Anonymous | 8/24/2009 - 11:58am
Valerie,
You defintely did the right thing by helping her and showing her compassion. It was obvious that you did not condone what she did. It is hard. Your daughter will also learn about compassion and the value of life because of her friend s abortion.
Anonymous | 8/24/2009 - 11:44am
Thank you for having the courage to tell your story.  It is only through true reconciliation that we will ever be able to protect and nourish all life.  Wishing you the peace of Christ.
Anonymous | 8/24/2009 - 11:06am
Thank you for sharing this heart- wrenching story.  I suspect to some extent, every one of your reactions were shared – sometimes fleeting, sometimes more enduringly – with each of us as we read the article.
So often, the role of the father of the baby in these kinds of stories fits neatly into a paragraph.  He too will need to live his life knowing about the termination of his child’s life.  There is no other way to summarize stories such as these as anything but a tragedy.
A girl slightly younger than my daughter who is a member of our congregation had a baby last year out of wedlock.  She was barely out of high school at the time.  When I saw her, her Mother and sister in church yesterday, I thought again how courageous the entire family had been to bring this child, not only into the world, but into our family of faith and challenge those of us who might judge. 
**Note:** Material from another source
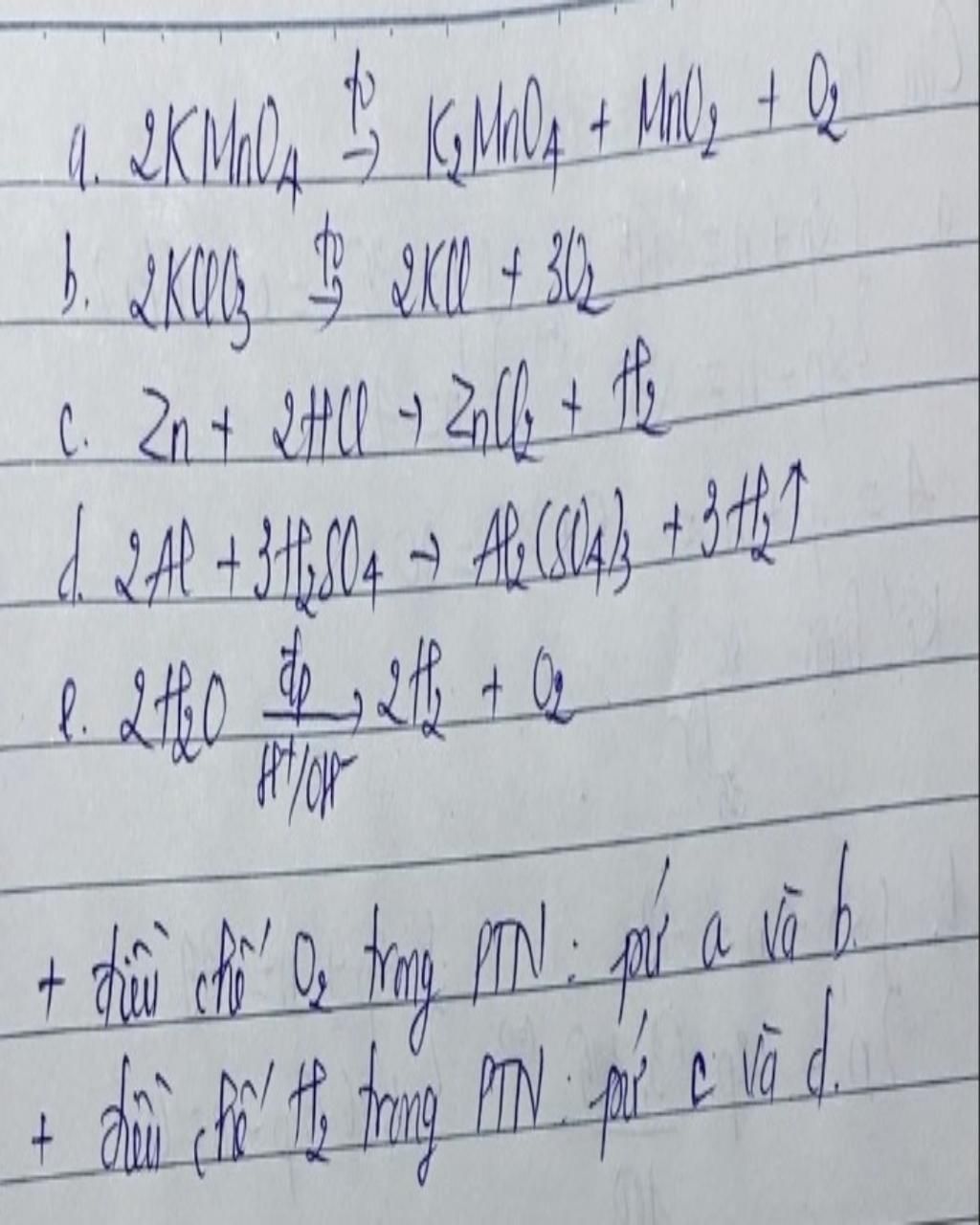 $b)$ $2KClO_3$ $\xrightarrow[MnO_2]{t^o}$ $2KCl+3O_2↑$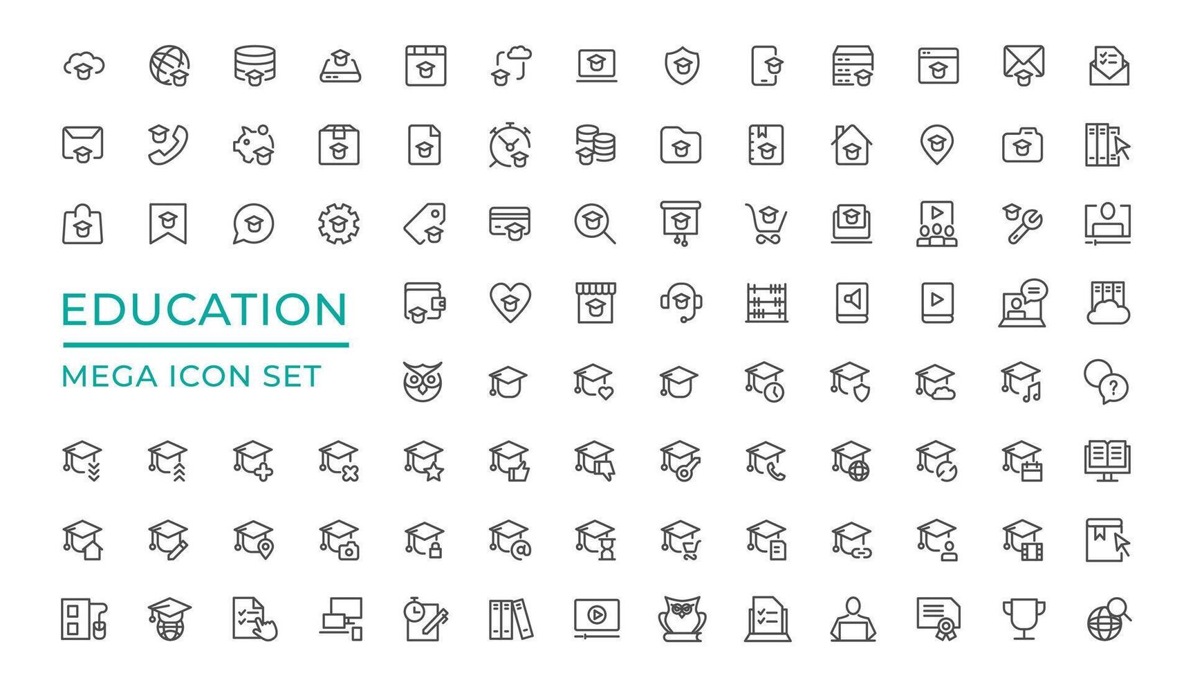 E-learning icon set. Online education icon set. Thin line icons set. Distance learning. Containing video tuition, e-learning, online course, audio course, educational website Pro Vector

I think our tendency to convict others is a human one, and one that Jesus taught us to temper.  I know I am unable to free myself fully from applying my standards of behavior and convictions against the actions of others.  And so I must rely on the redemption of Jesus Christ and be thankful for teachers  such as you who help me make this journey.
Anonymous | 8/24/2009 - 10:16am
Valerie, you did, in the end, act as Jesus would in this tragic situation.  When abortion is illegal, the same situation is more dire and many young women who have had abortions have even more trouble getting medical care.
 
Abortion is a symptom of the sickness of society.  It is unnatural that both young people consider themselves still to be children, rather than full grown members of the species.  Society should accomodate both their educations and the pregnancy.  If such an avenue existed, where the expectation was that having both - and a wedding to boot - was the rule you would find young people acting more responsibly about sex.  Sadly, we have kept young people in their childbearing prime as continual children, largely for economic reasons and because we treat them like pets.
Anonymous | 8/24/2009 - 8:05am
Dear Valerie,
As it happens, the Gospel of John tells us exactly "what would Jesus do" regarding associating with sinners...in Chapter 8, verses 1-11.  After answering the question put to him by people outraged by a sinner: "What do you have to say about the case?", Jesus  said: "Let the man among you who has no sin be the first to cast a stone at her."  The audience, John tells us, drifted away, one by one, beginning with the elders.  "This left him alone with the woman, who continued to stand there before him."  Jesus said to her, "Has no one condemned you?"  "No one, sir."  Jesus said, "Nor do I condemn you.  You may go.  But from now on, avoid this sin." 
John doesn't mention whether Jesus offered her a cup of tea, but it seems to me that the spirit of Jesus was with you when you did...
Anonymous | 8/24/2009 - 8:25am
Christ is among us. He is and he will be. So, the question 'what would Jesus do' is really much less interesting to me than the question 'what is Jesus doing and why is he doing it?' Why did he send you this young woman?